Project Design 04

This project is intended to be of benefit to the SFAA, and it is intended to be feasible with available resources. It’s time, therefore, to see if I can articulate those benefits. I particularly need to be able to explain how we can make use of volunteer help.

So. How do we put this project in practical terms?

The ideal would be to assemble and publish updated genealogical information. Without major crowdsourcing and funding, that’s not going to happen. Let’s look at what CAN be done and be useful, and what effort is involved.

Seven-Volume Index

I’ve already described this, and I think it’s the useful starting point. It’s a one-shot deal in that it won’t ever change. Once we’ve done it, we’ve got it.

The Langbehn Database

There are several reasons why this is important.

  • John Langbehn, over the course of I don’t know how many years, has been quietly working on this out of his own interest. It would be a tremendous win to find a way to connect this up, and clearly have a direct outcome of his transcription work.
  • Everything we have is classified by Dwight number. The Langbehn Database IS the Dwight numbers. Within the Langbehn Database, you can click around, explore family lines, and so on. Connecting things to the Langbehn database would be a huge win. Anything we add, if it’s got a Dwight number, we automatically link it to the Langbehn Database.

We need to allow for the fact that I get updates from time to time as John continues to transcribe. With this database being the centerpiece, there may be reason for volunteers diving in to help with the transcription. But, folding in multiple databases can be tricky. But that’s a solvable problem.

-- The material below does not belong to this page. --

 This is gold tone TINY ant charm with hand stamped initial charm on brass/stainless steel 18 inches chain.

The Langbehn Database is different from other GEDCOM files so far as our data design goes. I expect that all other GEDCOM files represent a SINGLE Dwight number, or a small set of Dwight numbers.

With all artifacts and collections (other than the Langbehn Database and the Seven-Volume Index), I expect to have a small list of Dwight numbers attached to the collection as a whole.

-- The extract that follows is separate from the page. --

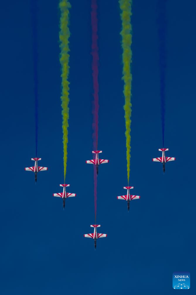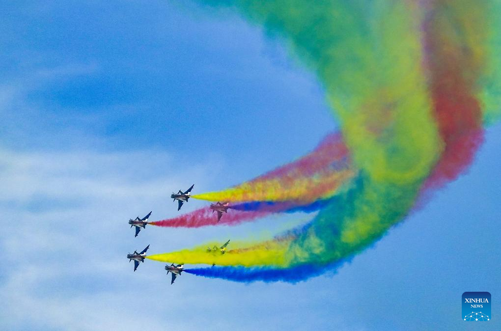 Aircraft of the Bayi Aerobatic Team of the Chinese People's Liberation Army Air Force perform during the 2025 aviation open-day activities of the Chinese People's Liberation Army Air Force and Changchun Air Show in Changchun, northeast China's Jilin Province, Sept. 19, 2025. The events kicked off here on Friday. (Xinhua/Tang Chengzhuo)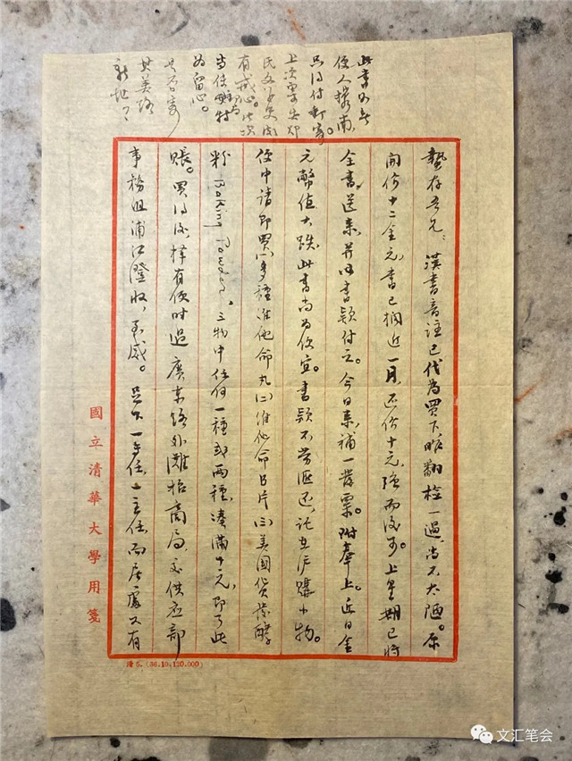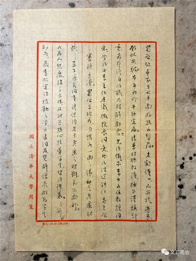 浦先生與施蟄存先生是同鄉(xiāng)兼同學(xué),施先生在《浦江清文史雜文集》序言中寫到:“從小學(xué)到中學(xué)這十年間,我們每天同坐在一個教室里聽老師講課。每星期日,除非雨雪,不是我到他家,就是他來我家,一起抵掌高談,上下古今。中學(xué)畢業(yè)后,他就讀于南京東南大學(xué),我在杭州之江大學(xué)。從此我們就少了見面的機(jī)會,但是我們每星期都有書信往來。”其實(shí)他們的書信往來一直持續(xù)到浦先生的晚年。施老2003年11月去世,所藏碑帖及書信等流出,市上所見浦先生給施老的信中有用毛題清華大學(xué)、北京大學(xué)抬頭信箋所書者,可知。

On the other hand, the Langbehn Database is an integral part of the design in its own right. Here, every item in the collection IS a Dwight Number and should have a special link registered.

It’s also possible that we might have multiple Langbehn Databases. That is, if we have additional transcribers, it would make sense for the additional transcribers to submit their databases directly as separate GEDCOM files rather than trying to merge with John Langbehn’s own database.

I do not intend to keep multiple versions of the same GEDCOM database online. When I get an updated GEDCOM file I intend to delete the old version and import the new version. That makes it important that the transcriber is using fixed “reference numbers”.

Hmm. Come to think of it, maybe not. If the User Experience data design allows for my deleting and replacing a collection, that means that all links would be regenerated. It really doesn’t matter if the link or foreign key changes, if we’re linking from table to table.

With the Langbehn database and friends, each item has a Dwight number, which is our point of linking. In all other GEDCOM databases, the collection as a whole has a small set of Dwight numbers, and they are the point of linking. We link to the collection/database as a whole rather than to an item in the collection.

Oops

Well, I got sidetracked again. I’m talking about design. I’ll start a fresh post from the SFAA perspective.